Thanks to the lack of trust that tech companies have provided us through all their data and privacy violations, we normally have this assumption that data is bad. Especially when companies track a lot of it. The truth is that capturing a lot of data has its benefits, both to companies and to people. It’s just what they do with it that counts, along with the necessary transparency in how they do it too.
Facebook is using the current COVID-19 crisis to show how it can use its data for good to analyse movement patterns of its users in an effort to try and understand the spread of the virus and hopefully allow governments and other companies to plan how best to tackle and curb the spread of the pandemic.
Part of its Data for Good initiative, Facebook is making use of aggregated, anonymised data from its apps to inform academic research and has granted access to three new maps for forecasting the disease’s spread and revealing whether residents of a given region are staying at home.

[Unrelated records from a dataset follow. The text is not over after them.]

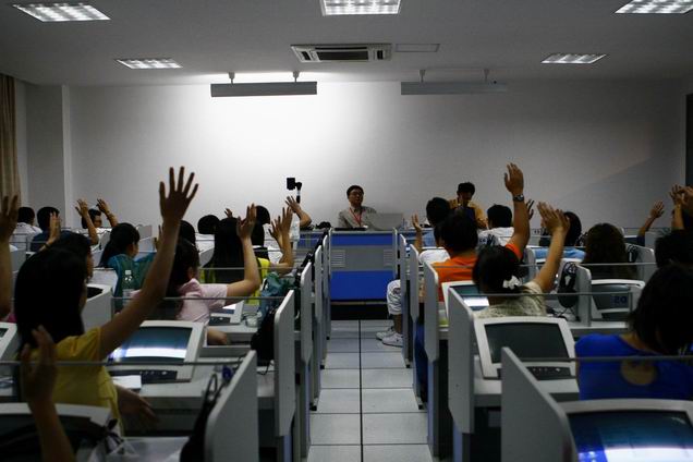 9月21日晚上8:00,评建工作专家组副组长叶志明教授视察了在实训楼2号楼三楼语音实验室进行自主英语学习的学生们。
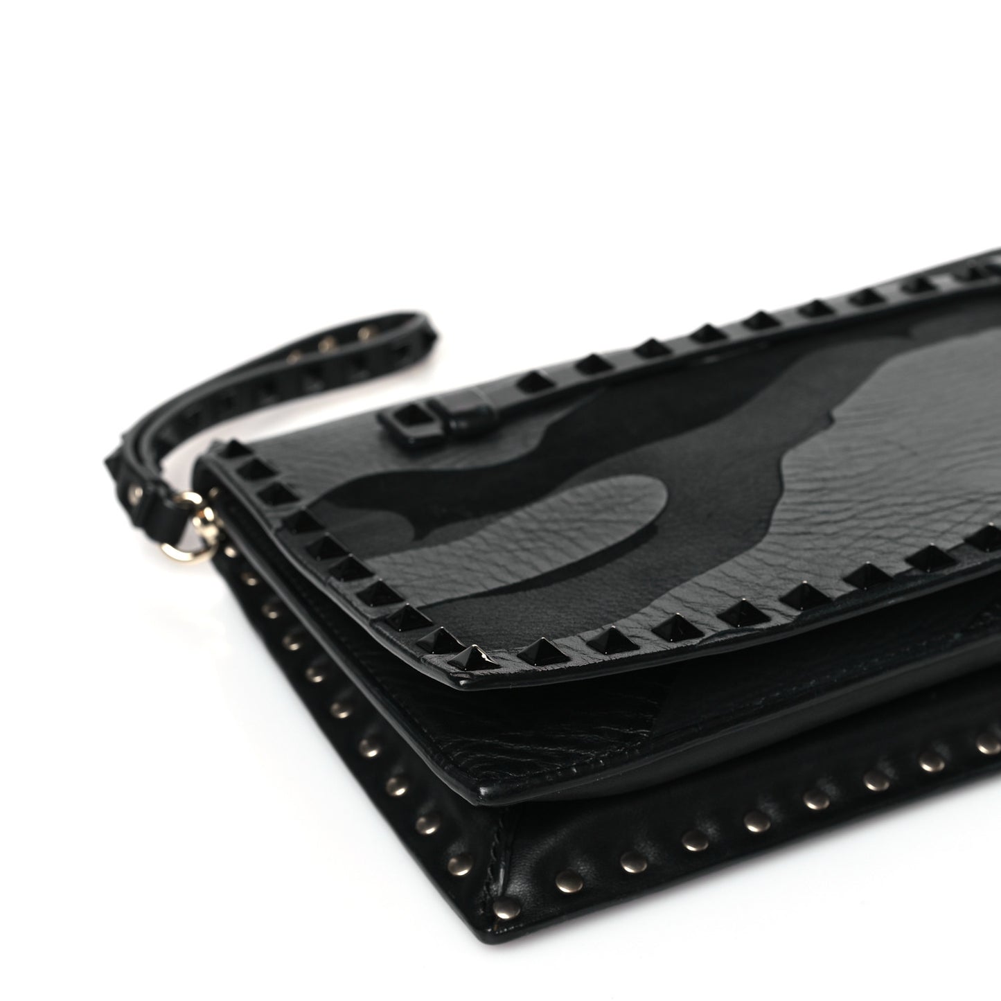 Valentino Garavani/ Bags/ Clutch & Evening /Valentino Garavani Nappa Canvas Camouflage Rockstud Wristlet Clutch Black
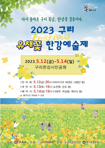[금요저널] 구리시는 오는 5월 12일부터 14일까지 3일간 구리한강시민공원에서 구리시 대표 봄 축제인 ‘2023 구리 유채꽃 한강예술제’를 개최한다고 밝혔다.

The latter is something similar to what Google is also currently doing using its own location services to track movement and see where people are staying at home and where not, allowing authorities to act.

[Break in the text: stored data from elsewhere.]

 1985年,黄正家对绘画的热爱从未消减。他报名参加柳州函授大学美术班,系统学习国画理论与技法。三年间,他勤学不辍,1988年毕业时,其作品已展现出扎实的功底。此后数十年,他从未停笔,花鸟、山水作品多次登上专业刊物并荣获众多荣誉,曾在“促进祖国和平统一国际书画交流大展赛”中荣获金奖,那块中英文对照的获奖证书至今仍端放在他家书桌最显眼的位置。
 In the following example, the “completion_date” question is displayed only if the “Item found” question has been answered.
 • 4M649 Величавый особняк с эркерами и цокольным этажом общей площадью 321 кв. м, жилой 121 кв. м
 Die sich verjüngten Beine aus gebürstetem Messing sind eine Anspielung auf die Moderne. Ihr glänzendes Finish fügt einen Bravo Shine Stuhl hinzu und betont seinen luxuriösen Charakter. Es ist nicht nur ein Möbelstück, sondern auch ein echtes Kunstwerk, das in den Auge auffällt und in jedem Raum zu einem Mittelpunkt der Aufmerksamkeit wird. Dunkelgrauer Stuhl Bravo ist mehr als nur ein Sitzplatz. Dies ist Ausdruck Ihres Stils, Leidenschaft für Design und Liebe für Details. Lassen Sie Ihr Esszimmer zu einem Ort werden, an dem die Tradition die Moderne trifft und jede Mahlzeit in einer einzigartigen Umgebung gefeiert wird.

The company will also prompt Facebook users to participate in a survey from Carnegie Mellon University that asks people to self-report any disease symptoms. The responses, which will be anonymous, could help researchers understand new hotspots as they develop or see where the disease has begun to retreat. Carnegie Mellon will not share any symptom information back to Facebook, the company said.
It does all sound a little scary that our tech companies are tracking our data and using it to monitor our whereabouts, but it is something which we have been allowing them to do for years and this time at least it can get used for something positive and hopefully save many lives.